It was a year to remember for the shareholders of a data analytics and artificial intelligence (AI) software company. Palantir Technologies (NYSE:PLTR). The stock is up more than 160% in the past year, and the committee that determines which companies deserve stock membership S&P500 added it to the large-cap benchmark index this month. Index inclusion is a badge of honor that recognizes a company’s strong performance and increases investor awareness.
Palantir’s products, especially the AIP platform, are driving accelerated revenue growth and strong profitability. However, the share price has grown faster than the underlying business. Should shareholders consider selling while they’re ahead, or does Palantir have more room to run?

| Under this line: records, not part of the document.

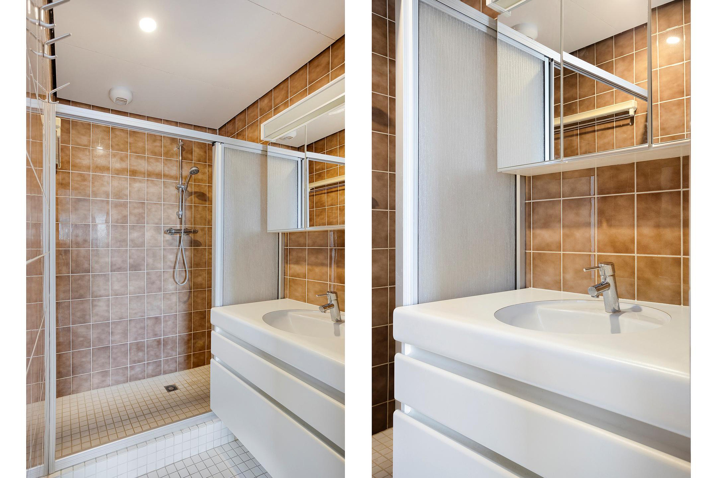 Grenzend aan de slaapkamer bevindt zich de geheel betegelde badkamer (3m2). Deze is uitgerust met een inloopdouche en een vaste wastafel. De mechanische ventilatie is centraal geregeld.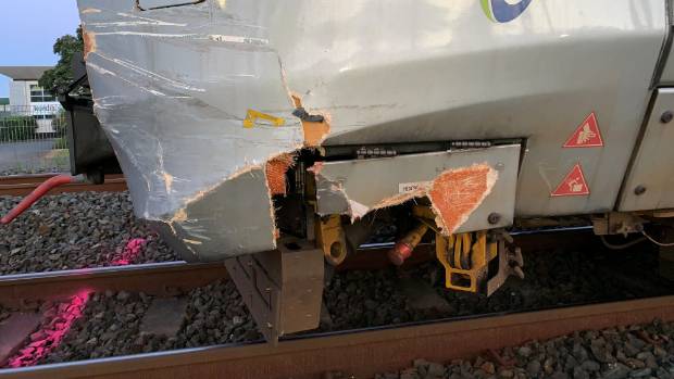 Car hit by train at Bruce McLaren Rd La semaine dernière, la société Auckland Transport a publié sur Twitter une vidéo filmée par une caméra embarquée à l'avant d'un train. Alors que le train était lancé à pleine allure, deux voitures ont forcé un passage à niveau et ce malgré les signaux d'avertissements. La seconde voiture a même été légèrement touchée, mais le conducteur a pu repartir pour prendre la fuite. Les dégâts (minimes) sur l'avant du train : ![]() (sources stuff.co.nz & Auckland Transport)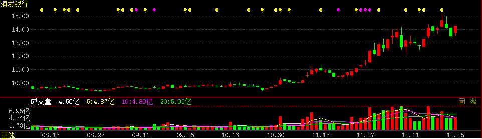 个股k线界面:可以选择叠加成本均线、信息雷达。在信息雷达中,
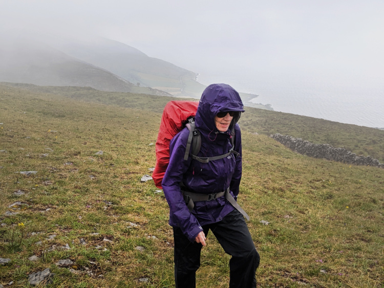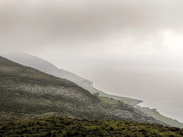 Around and up and over Black Head. Conical hills of grey shale sloping down to the sea. An amphitheatre sculptured in the past by great sheets of ice. Ring forts off in the distance. One of them, Cathair an Ard Dorais, has remnants of both a chapel and a shebeen (an illicit distillery and bar).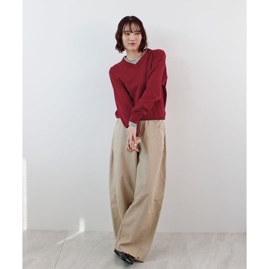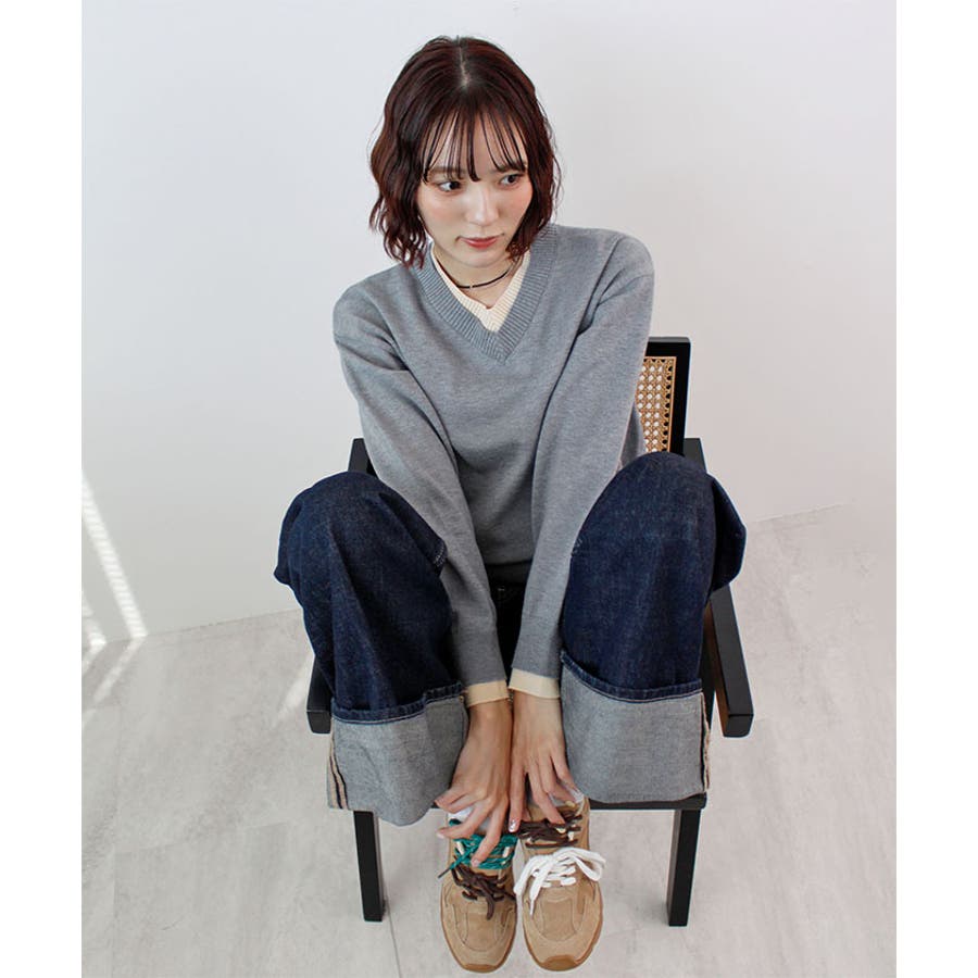 ・幅広いボトムスと相性が良く、デニムやワイドパンツ、スラックスなどどんなスタイルにも合わせやすい万能ニット!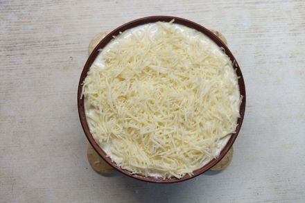 9. Затем выложить в форму оставшийся картофель и вылить все сливки. Посыпать оставшимся сыром.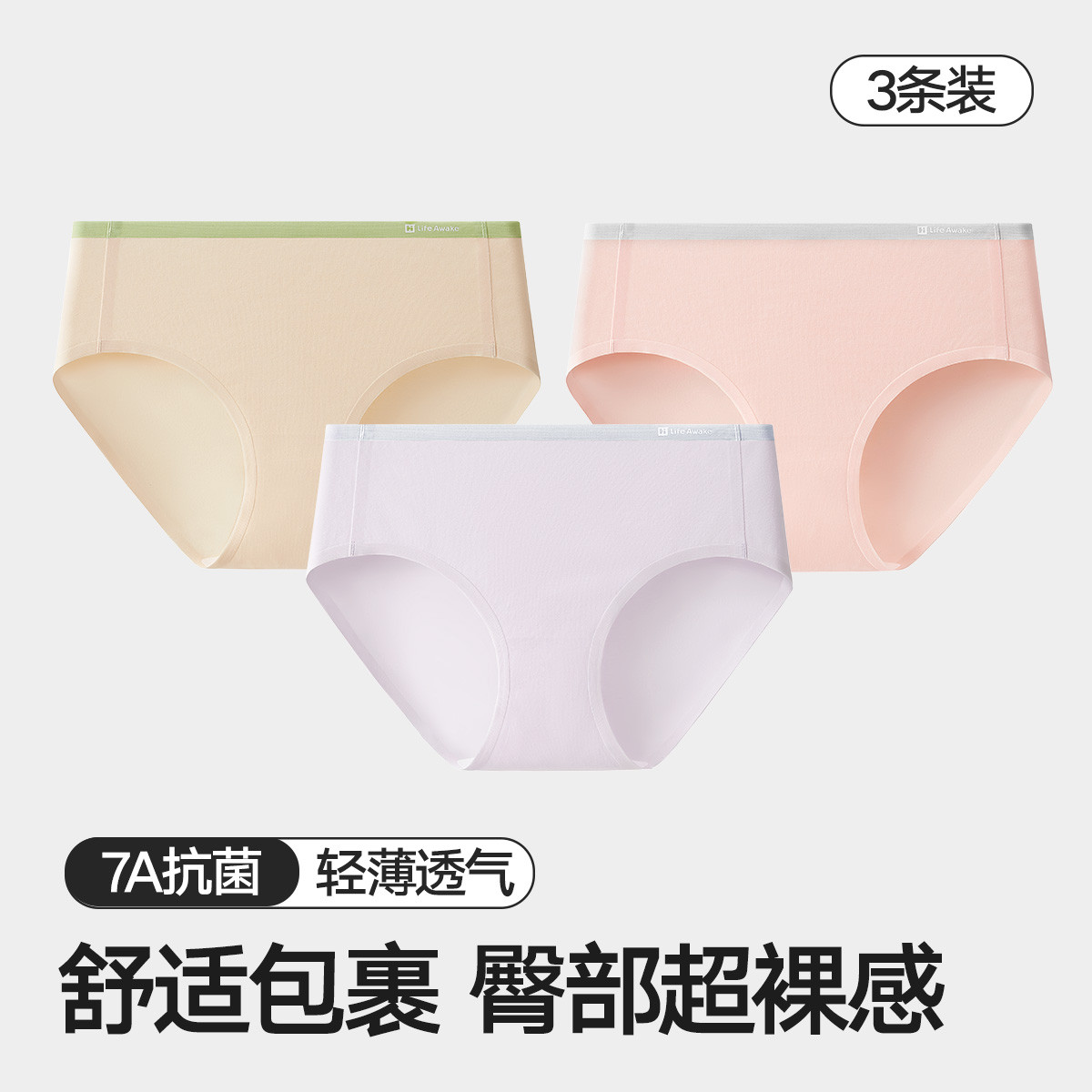 【7A抑菌 100%纯棉档】3条装女士内裤无痕透气三角短裤女 351578
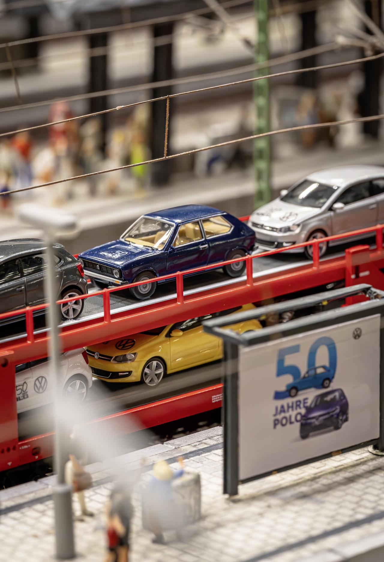 Auch eine der bekanntesten touristischen Attraktionen in Deutschland feiert das Jubiläum des Polo. Im Miniaturwunderland in der Hamburger Speicherstadt fährt ein ganz besonderer Autozug im H0-Maßstab 1:87. Er transportiert auf zwölf Waggons über 70 VW Polo unterschiedlicher Modelljahrgänge. Der Autozug mit Jubiläumsaufschrift ist im Hamburger Stadtgebiet der Miniaturwelt unterwegs und fährt an den Sehenswürdigkeiten wie Elbphilharmonie, Elbbrücken und Hafen vorbei. Und an den Modellbahnhöfe sind Plakatwände mit „50 Jahre Polo“ aufgestellt. (aum)
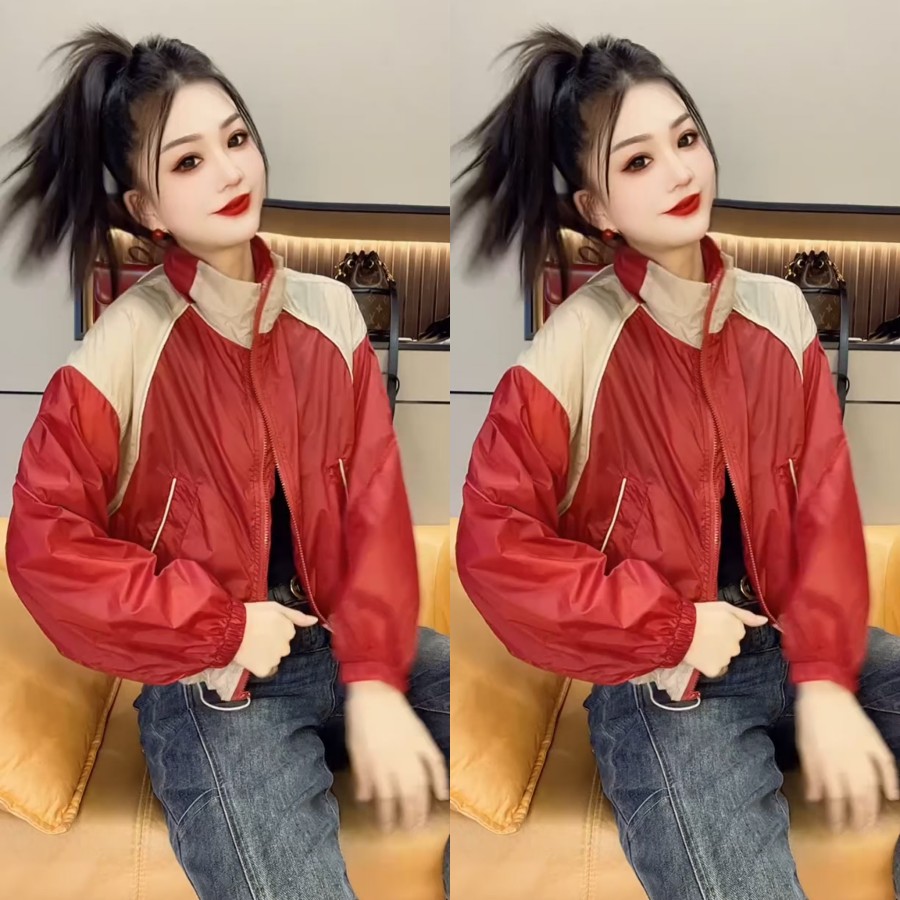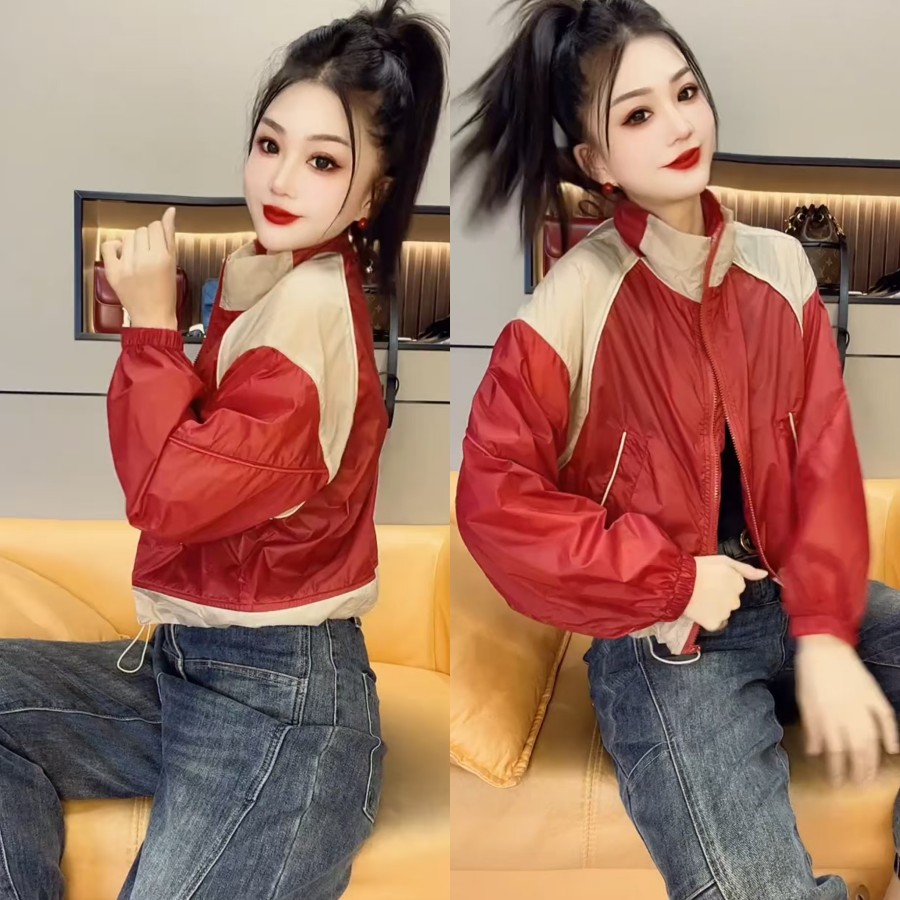 休闲拼接撞色外套2025夏季新款时尚立领夹克潮牌洋气时髦夹克上衣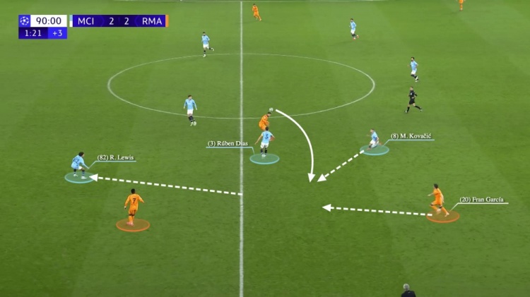 然而曼城的防守調(diào)整還是出現(xiàn)了失誤,因為皇馬用弗蘭-加西亞換下了姆巴佩。皇馬以短傳為主,并在曼城逼搶之時改用長傳推進。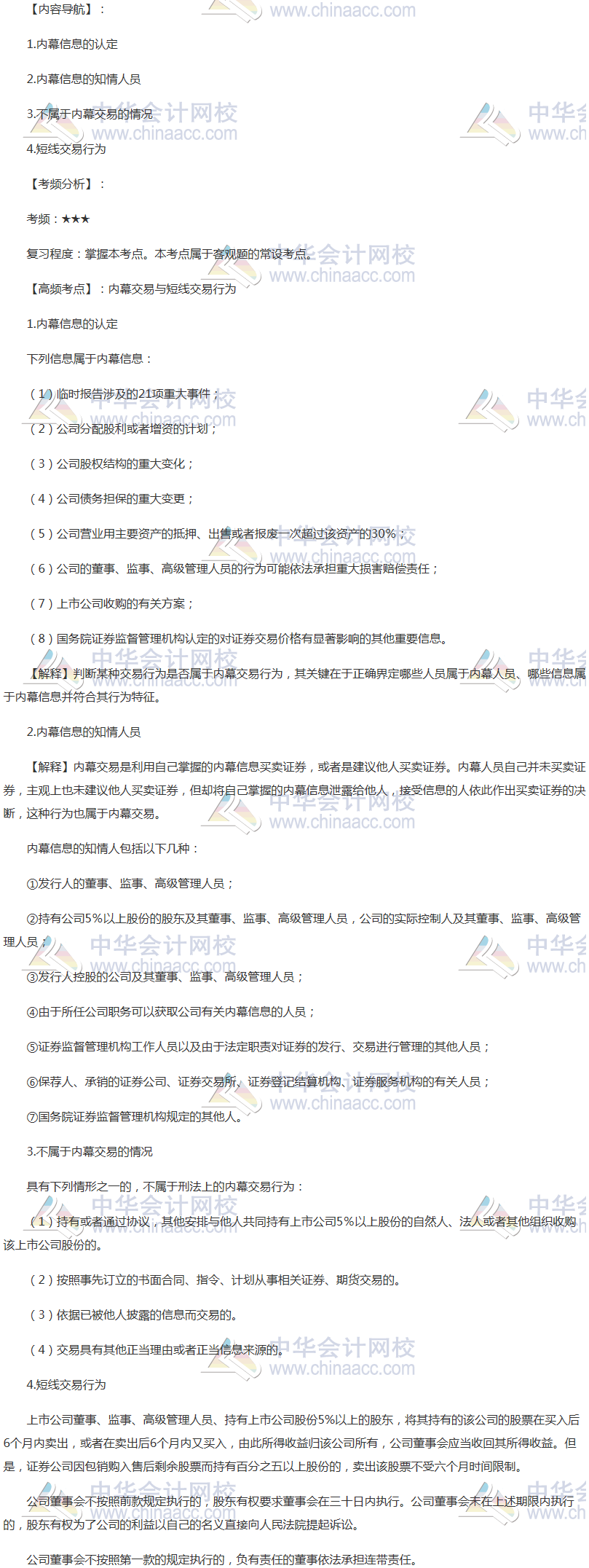 备考时间紧张,抓紧时间抓住重点备考注册会计师吧!正保会计网校教学老师为广大考生整理了高频考点,我们一起来学习2018《经济法》高频考点:内幕交易与短线交易行为。本考点属于《经济法》第七章证券法律制度第六节证券欺诈的法律责任的内容。

The stock has outpaced the company
I’m not here to criticize Palantir’s business. There’s a lot to be excited about.
The company has emerged as perhaps the leading AI software play on Wall Street. It debuted the AIP platform last year as a tool for companies to develop and deploy custom AI applications, and revenue growth has steadily accelerated since then. Technology consultancy firm Forrester research recently recognized AIP as the best AI and machine learning platform on the market.
And yes, its inclusion in the S&P 500 has likely created some buying momentum for the stock. Funds that track the S&P 500 must add Palantir shares to reflect the index, and many investors are drawn to S&P 500 companies because they must meet strict standards to get into the index.
The problem is that the stock’s price gains have dramatically exceeded the company’s growth. Palantir’s revenue over the last twelve months has grown by approximately 16% in total. The valuation of the share is almost a factor of 10 higher than that of the stock.
PLTR Earnings Data (TTM) according to YCharts.
How expensive is Palantir?
In reality, stock prices at any given time are a strong reflection of the market’s enthusiasm for that stock. Part of investing is recognizing when the market is overexcited or pessimistic.
Right now, market sentiment towards Palanir is borderline insane.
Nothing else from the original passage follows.